A CISSP is a professional certification. To attain CISSP, a professional must pass a six-hour, 250-question test and must have five years of professional experience doing work related to computer security. But after attaining the certification, what does a CISSP do?
An easy question on the test would involve what you have to be concerned about when running network cable through an HVAC duct. A medium-difficulty question might ask whether the CDMA or GSM standard for cell phones is more secure, and why. A hard question or series of questions would involve reading several pages of executive summary about a data breach and making recommendations to prevent it from happening again.
What does a CISSP do?
Some of us are security generalists. Some of us specialize. I specialize, to the extent I can, in the field of vulnerability management. That means scanning a network for missing patches. I can also develop a plan for deploying those missing patches effectively and efficiently.
Some CISSPs just look at business relationships and determine whether business partners handle data effectively.
A CISSP is not an expert on all things computer security. Nobody is. I know one CISSP who gets an uneasy feeling when he sees something wrong, then he calls someone for a second opinion. Sometimes that person is me.
What does CISSP stand for?
CISSP stands for Certified Information Systems Security Professional. Broadly speaking, this means computer security, but computer security encompasses a lot of non-obvious things. For example, I had to learn about fire suppression.

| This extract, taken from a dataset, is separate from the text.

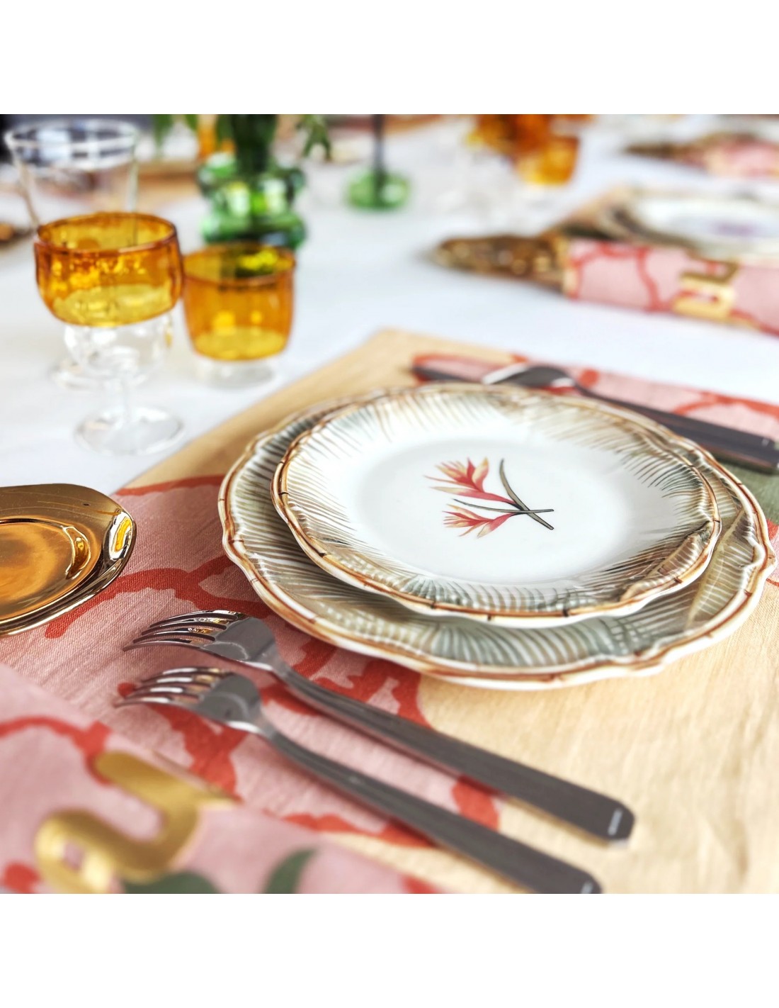 Waww La Table lanza esta colección con un encanto increíble, un toque vintage sin dejar de ser atemporal y elegante. Te llevamos a un viaje en el tiempo con un pie en la elegancia y la modernidad gracias a una armonía de colores suaves y armoniosos. Con un toque de encanto de los setenta, esta colección luce increíble con su cautivador patrón de bambú y flores tropicales de color coral.

I had a former coworker, a systems administrator, tell me he thinks CISSP stands for Can’t Interpret Simple [Stuff] Properly. In that CISSP’s defense, a sysadmin usually isn’t expected to deal with Windows, Unix, and Cisco configuration. It’s not uncommon for a CISSP to have to. I’m not very good at looking at Cisco configurations either, but I can tell you what to do to stay safe if you can’t patch Java. I’m also supposed to be able to be conversant in fire safety, physical security, and insurance, and know enough to say something if I see someone about to make a mistake that could prove expensive, put lives in danger, or both.
What does a CISSP make?
This is all nice, but what does a CISSP make? I recommend you talk to a recruiter familiar with your area to get a good estimate because it can vary based on a number of factors, including experience. I think $75,000 is a reasonable floor in most parts of the United States. In a position of high seniority, the salary can be much higher. In areas with a high cost of living, the salary will be much higher.

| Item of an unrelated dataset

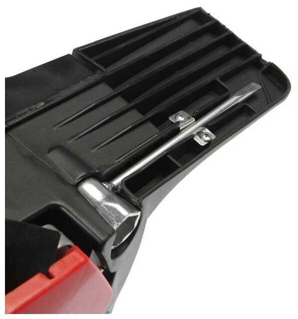 Пластик аккуратный, но не премиум — неровный и дешёвый у некоторых экземпляров. Сборка достойная, но встречаются дефекты: сорванные саморезы ручки, отсутствующая гайка на шине. Крепкий пластик хвалят за удобство ручки. Требует осмотра на заводские огрехи перед использованием. В целом, приемлемо для бытового инструмента. -

Some people say the CISSP has lost something over the years because of the number of people who have it. That may be, but I still don’t think there are enough of us to go around. Back when I started thinking about getting CISSP around 2009, I remember seeing more than 60 job postings in St. Louis requiring it. Today there are at least twice as many. Maybe employers are pickier now than they were in 2009. I know I’m pickier. I can administer web content filtering proxy servers. Would I be happier doing that than what I’m doing now? In 2009 the answer was always yes. Today? Not always.